● Action item: Starting with the line containing "Elevate your cocktail" and going on through the line containing "Anna Paula | ||", return the lines of the data below exactly, and only those.

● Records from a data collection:

******************************

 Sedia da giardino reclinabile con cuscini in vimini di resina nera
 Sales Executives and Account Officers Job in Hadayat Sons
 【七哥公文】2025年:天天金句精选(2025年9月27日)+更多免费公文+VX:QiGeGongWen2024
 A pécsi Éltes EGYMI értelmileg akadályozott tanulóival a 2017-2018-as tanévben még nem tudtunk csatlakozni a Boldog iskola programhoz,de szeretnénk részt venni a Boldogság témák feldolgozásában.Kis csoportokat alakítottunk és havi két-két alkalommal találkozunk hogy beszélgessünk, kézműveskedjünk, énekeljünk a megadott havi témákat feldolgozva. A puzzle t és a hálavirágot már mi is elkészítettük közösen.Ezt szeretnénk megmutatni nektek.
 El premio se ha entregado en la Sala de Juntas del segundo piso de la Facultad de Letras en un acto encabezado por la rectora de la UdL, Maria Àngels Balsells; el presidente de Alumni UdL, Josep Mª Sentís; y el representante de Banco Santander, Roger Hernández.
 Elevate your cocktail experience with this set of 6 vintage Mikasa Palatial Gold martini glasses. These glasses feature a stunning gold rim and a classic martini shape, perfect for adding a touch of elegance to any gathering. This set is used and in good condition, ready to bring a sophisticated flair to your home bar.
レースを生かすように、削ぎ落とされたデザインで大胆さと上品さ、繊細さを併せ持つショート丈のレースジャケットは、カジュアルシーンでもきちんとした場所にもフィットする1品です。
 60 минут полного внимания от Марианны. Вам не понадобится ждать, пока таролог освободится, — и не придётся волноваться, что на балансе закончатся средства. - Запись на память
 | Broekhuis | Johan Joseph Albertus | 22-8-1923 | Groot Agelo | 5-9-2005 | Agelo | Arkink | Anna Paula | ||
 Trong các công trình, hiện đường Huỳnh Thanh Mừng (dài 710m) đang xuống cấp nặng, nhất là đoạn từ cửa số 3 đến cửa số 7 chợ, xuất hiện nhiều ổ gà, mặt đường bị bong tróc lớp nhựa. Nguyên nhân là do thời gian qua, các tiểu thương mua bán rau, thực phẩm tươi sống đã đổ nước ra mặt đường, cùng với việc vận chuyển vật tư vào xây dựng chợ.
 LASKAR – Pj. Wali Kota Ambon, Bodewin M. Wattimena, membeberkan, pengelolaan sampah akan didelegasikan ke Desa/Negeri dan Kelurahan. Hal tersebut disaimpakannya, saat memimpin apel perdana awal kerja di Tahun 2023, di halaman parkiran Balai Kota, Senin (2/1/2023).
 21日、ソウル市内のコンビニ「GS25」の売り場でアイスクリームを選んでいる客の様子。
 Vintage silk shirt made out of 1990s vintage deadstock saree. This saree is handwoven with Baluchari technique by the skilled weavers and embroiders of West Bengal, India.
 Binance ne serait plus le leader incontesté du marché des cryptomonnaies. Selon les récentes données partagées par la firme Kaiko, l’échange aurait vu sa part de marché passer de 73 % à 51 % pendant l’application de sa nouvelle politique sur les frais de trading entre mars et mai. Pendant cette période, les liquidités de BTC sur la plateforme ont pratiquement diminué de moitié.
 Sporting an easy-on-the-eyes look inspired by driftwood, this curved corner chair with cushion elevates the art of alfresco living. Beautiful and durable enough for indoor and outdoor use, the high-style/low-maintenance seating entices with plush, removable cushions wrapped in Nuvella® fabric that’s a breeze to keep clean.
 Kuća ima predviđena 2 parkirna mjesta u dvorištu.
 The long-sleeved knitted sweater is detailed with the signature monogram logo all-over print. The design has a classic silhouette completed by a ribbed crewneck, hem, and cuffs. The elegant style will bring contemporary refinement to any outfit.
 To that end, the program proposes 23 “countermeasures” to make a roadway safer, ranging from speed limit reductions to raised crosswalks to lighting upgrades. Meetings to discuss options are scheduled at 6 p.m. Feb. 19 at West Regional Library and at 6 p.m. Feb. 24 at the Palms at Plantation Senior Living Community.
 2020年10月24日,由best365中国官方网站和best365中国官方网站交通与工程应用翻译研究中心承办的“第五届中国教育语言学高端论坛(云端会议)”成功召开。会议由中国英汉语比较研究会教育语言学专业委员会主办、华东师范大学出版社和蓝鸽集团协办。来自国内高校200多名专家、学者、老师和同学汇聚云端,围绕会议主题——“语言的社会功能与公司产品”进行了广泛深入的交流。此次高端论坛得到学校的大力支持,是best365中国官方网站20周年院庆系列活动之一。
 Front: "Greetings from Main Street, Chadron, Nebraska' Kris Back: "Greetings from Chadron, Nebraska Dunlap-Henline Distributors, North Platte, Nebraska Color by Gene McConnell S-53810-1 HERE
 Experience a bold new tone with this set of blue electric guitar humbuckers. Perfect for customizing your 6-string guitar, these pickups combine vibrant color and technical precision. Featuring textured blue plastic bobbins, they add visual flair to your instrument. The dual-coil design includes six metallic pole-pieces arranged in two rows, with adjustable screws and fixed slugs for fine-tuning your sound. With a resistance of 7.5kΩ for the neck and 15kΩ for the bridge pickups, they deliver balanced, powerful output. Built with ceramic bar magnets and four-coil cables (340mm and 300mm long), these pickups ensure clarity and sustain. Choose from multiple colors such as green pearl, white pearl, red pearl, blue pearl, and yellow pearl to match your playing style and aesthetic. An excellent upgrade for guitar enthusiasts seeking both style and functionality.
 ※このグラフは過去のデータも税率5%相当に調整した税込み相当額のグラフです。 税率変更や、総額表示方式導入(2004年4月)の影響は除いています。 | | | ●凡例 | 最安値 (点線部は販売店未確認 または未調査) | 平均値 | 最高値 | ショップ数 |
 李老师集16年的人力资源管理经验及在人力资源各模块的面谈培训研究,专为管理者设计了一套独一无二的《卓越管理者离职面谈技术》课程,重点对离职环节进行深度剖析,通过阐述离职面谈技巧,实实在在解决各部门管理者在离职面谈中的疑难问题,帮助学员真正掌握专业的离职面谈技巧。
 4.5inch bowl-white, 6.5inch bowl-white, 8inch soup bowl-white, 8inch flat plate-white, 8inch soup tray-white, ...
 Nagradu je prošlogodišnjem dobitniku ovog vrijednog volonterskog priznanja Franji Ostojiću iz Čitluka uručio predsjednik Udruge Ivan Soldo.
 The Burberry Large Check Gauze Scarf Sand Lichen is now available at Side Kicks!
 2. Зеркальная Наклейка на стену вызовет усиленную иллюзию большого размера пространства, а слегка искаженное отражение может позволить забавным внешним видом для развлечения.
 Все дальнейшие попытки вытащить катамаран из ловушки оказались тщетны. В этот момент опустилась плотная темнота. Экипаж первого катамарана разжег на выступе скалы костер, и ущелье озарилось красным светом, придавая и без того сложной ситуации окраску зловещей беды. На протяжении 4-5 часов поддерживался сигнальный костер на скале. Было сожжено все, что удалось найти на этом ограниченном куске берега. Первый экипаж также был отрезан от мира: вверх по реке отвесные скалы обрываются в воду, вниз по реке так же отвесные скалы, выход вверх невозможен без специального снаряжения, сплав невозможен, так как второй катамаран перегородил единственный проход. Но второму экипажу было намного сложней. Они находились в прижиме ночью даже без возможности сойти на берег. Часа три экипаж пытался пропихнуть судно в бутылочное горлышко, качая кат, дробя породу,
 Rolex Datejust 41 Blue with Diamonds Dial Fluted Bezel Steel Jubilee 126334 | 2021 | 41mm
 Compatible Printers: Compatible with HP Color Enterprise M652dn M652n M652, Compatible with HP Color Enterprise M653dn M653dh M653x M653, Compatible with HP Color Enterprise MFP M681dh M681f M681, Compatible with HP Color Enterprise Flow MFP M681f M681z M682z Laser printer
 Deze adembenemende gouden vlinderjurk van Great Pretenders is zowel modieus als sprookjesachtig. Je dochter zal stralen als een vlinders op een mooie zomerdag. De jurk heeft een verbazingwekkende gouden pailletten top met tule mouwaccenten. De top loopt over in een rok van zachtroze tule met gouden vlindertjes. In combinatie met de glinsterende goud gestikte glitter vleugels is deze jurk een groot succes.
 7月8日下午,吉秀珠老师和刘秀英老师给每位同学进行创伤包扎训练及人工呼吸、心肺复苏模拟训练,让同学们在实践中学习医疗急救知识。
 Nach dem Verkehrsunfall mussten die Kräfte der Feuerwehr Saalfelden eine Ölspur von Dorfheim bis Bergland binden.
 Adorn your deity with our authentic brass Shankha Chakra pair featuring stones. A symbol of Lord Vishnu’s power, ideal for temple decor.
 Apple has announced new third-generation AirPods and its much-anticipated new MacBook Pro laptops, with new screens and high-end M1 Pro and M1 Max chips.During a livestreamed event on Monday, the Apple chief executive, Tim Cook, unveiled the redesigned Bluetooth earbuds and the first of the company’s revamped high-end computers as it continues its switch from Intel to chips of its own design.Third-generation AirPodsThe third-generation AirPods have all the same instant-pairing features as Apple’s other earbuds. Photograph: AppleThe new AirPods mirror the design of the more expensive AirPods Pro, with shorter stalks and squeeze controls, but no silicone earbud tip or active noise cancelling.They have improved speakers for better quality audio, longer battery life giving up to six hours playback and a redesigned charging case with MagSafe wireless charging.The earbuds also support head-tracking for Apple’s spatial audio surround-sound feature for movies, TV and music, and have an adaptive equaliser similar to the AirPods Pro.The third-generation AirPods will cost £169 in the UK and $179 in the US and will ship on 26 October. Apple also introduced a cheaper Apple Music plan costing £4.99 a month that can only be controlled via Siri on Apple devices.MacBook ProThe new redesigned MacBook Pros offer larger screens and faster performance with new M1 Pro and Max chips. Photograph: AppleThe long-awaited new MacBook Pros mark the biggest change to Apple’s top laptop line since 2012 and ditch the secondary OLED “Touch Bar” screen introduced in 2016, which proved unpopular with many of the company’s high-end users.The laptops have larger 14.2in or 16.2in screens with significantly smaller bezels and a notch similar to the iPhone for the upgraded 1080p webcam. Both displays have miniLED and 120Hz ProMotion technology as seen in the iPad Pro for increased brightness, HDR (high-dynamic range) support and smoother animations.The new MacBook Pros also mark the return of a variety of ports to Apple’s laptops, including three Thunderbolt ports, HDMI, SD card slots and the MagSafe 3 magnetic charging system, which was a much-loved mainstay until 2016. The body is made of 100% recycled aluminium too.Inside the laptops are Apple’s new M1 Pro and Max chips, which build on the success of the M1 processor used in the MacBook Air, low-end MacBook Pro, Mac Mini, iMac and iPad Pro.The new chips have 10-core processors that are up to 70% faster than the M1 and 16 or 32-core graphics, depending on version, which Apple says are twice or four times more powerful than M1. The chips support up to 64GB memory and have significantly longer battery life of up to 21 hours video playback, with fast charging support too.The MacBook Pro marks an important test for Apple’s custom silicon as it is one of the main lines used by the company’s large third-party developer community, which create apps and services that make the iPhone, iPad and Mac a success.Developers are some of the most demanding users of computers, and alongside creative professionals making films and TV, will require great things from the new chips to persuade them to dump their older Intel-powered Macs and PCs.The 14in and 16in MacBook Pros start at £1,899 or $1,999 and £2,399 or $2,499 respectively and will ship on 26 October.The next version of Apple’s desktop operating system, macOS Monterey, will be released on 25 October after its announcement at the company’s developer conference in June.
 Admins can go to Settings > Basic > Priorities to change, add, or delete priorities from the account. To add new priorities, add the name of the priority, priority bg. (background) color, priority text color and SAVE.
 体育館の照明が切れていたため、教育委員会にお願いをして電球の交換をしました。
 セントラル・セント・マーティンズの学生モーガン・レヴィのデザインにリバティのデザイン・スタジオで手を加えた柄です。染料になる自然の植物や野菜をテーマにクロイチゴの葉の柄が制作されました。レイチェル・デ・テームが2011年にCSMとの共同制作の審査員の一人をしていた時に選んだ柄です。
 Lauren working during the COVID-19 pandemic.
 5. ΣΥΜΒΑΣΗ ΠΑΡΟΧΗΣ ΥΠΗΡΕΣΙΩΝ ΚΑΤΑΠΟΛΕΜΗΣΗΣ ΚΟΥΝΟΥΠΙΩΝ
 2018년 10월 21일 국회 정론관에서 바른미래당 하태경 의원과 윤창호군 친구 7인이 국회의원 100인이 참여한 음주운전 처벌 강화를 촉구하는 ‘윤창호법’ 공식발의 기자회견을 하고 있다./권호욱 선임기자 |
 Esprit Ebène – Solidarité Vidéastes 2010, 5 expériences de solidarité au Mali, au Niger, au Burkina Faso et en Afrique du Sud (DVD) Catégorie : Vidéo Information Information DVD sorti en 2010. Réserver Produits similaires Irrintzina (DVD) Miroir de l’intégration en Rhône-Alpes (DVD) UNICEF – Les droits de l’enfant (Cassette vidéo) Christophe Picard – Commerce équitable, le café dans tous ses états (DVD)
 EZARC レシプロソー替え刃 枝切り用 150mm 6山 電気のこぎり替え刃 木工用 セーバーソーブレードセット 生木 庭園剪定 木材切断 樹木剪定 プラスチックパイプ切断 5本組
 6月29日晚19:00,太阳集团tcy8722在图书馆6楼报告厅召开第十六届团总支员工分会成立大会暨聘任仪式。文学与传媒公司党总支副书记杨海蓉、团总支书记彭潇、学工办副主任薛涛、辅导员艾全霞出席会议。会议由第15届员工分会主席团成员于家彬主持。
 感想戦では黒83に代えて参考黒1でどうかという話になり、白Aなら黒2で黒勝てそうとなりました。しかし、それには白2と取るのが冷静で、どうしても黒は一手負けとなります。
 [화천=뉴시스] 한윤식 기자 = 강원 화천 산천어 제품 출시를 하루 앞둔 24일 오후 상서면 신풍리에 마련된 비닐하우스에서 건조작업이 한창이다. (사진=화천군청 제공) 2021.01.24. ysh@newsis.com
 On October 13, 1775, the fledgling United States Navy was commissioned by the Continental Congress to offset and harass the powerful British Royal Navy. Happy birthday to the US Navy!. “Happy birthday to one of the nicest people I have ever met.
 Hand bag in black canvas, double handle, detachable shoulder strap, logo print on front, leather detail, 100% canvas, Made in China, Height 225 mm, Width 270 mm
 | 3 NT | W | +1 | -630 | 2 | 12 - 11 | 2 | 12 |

******************************

● Task output:
 Elevate your cocktail experience with this set of 6 vintage Mikasa Palatial Gold martini glasses. These glasses feature a stunning gold rim and a classic martini shape, perfect for adding a touch of elegance to any gathering. This set is used and in good condition, ready to bring a sophisticated flair to your home bar.
レースを生かすように、削ぎ落とされたデザインで大胆さと上品さ、繊細さを併せ持つショート丈のレースジャケットは、カジュアルシーンでもきちんとした場所にもフィットする1品です。
 60 минут полного внимания от Марианны. Вам не понадобится ждать, пока таролог освободится, — и не придётся волноваться, что на балансе закончатся средства. - Запись на память
 | Broekhuis | Johan Joseph Albertus | 22-8-1923 | Groot Agelo | 5-9-2005 | Agelo | Arkink | Anna Paula | ||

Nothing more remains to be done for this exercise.